--- WHAT YOU WILL DO ---
Using the data below, transcribe exactly everything from the line that contains "主臥運(yùn)用了大面積落" down to the line that contains "От размеров и". Include both of those lines and none of the pictures.

--- DATA FOR THIS TASK ---
• • • •

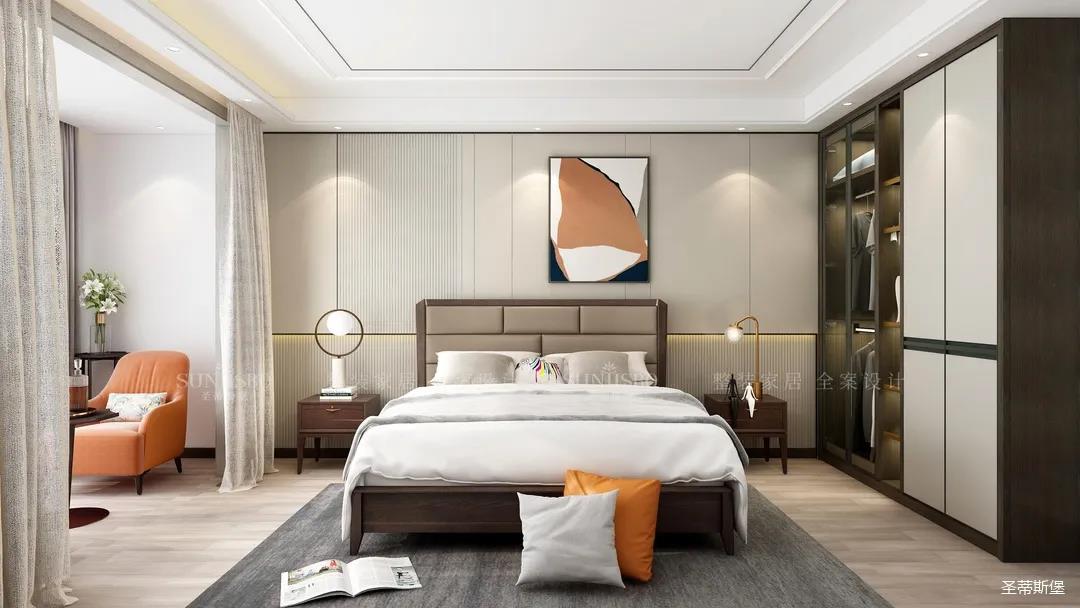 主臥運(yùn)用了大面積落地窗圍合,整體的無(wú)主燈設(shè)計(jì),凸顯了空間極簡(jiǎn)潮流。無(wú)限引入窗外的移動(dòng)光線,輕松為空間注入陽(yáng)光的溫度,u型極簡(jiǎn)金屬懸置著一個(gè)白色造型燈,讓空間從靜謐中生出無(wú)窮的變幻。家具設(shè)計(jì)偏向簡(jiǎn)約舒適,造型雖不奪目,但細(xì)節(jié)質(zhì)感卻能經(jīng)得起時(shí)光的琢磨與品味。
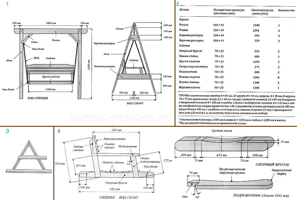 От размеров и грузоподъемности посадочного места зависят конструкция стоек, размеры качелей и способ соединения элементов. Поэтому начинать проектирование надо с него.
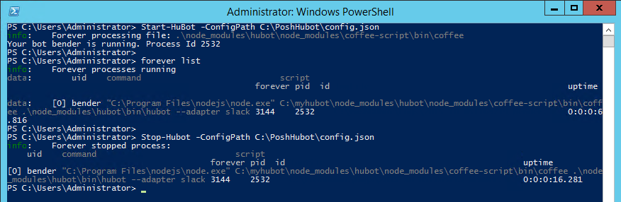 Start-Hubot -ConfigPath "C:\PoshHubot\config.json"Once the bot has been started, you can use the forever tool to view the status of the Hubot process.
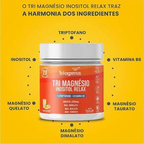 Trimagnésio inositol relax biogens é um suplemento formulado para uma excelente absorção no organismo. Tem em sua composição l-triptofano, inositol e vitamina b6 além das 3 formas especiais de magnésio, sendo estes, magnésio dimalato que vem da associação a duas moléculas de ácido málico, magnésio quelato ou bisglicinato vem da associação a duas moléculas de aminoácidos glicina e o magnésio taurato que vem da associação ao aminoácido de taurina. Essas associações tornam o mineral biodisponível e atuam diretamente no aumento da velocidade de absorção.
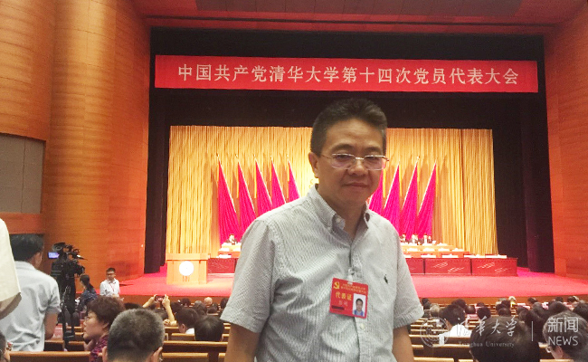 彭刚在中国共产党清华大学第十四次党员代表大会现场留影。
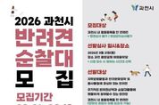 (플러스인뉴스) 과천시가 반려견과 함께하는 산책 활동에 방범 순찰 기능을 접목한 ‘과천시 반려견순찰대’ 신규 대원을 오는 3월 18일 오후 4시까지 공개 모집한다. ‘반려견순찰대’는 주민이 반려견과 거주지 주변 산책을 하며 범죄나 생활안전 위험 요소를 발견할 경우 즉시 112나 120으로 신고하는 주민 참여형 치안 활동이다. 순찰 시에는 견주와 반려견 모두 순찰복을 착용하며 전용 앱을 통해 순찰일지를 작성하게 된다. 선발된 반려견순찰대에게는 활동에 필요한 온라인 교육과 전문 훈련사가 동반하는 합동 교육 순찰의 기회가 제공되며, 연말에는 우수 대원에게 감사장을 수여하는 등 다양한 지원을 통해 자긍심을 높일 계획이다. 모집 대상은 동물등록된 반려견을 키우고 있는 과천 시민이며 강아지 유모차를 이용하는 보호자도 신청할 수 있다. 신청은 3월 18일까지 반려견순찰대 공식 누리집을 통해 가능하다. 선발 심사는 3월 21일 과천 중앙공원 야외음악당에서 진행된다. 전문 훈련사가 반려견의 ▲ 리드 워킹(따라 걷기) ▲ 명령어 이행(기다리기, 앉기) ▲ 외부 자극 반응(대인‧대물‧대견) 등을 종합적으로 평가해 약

• • • •

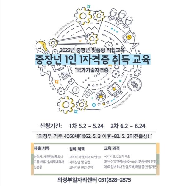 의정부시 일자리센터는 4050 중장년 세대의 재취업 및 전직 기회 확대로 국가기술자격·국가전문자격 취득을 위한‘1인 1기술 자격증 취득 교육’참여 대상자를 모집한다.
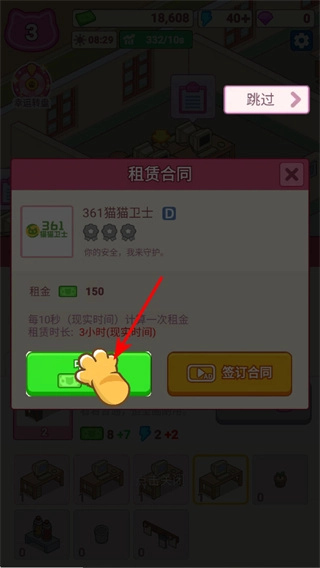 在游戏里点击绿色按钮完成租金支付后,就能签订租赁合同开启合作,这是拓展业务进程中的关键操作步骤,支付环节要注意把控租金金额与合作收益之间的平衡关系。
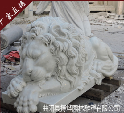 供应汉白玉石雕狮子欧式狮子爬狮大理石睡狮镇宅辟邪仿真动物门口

• • • •

--- COMPLETED EXERCISE ---
 主臥運(yùn)用了大面積落地窗圍合,整體的無(wú)主燈設(shè)計(jì),凸顯了空間極簡(jiǎn)潮流。無(wú)限引入窗外的移動(dòng)光線,輕松為空間注入陽(yáng)光的溫度,u型極簡(jiǎn)金屬懸置著一個(gè)白色造型燈,讓空間從靜謐中生出無(wú)窮的變幻。家具設(shè)計(jì)偏向簡(jiǎn)約舒適,造型雖不奪目,但細(xì)節(jié)質(zhì)感卻能經(jīng)得起時(shí)光的琢磨與品味。
 От размеров и грузоподъемности посадочного места зависят конструкция стоек, размеры качелей и способ соединения элементов. Поэтому начинать проектирование надо с него.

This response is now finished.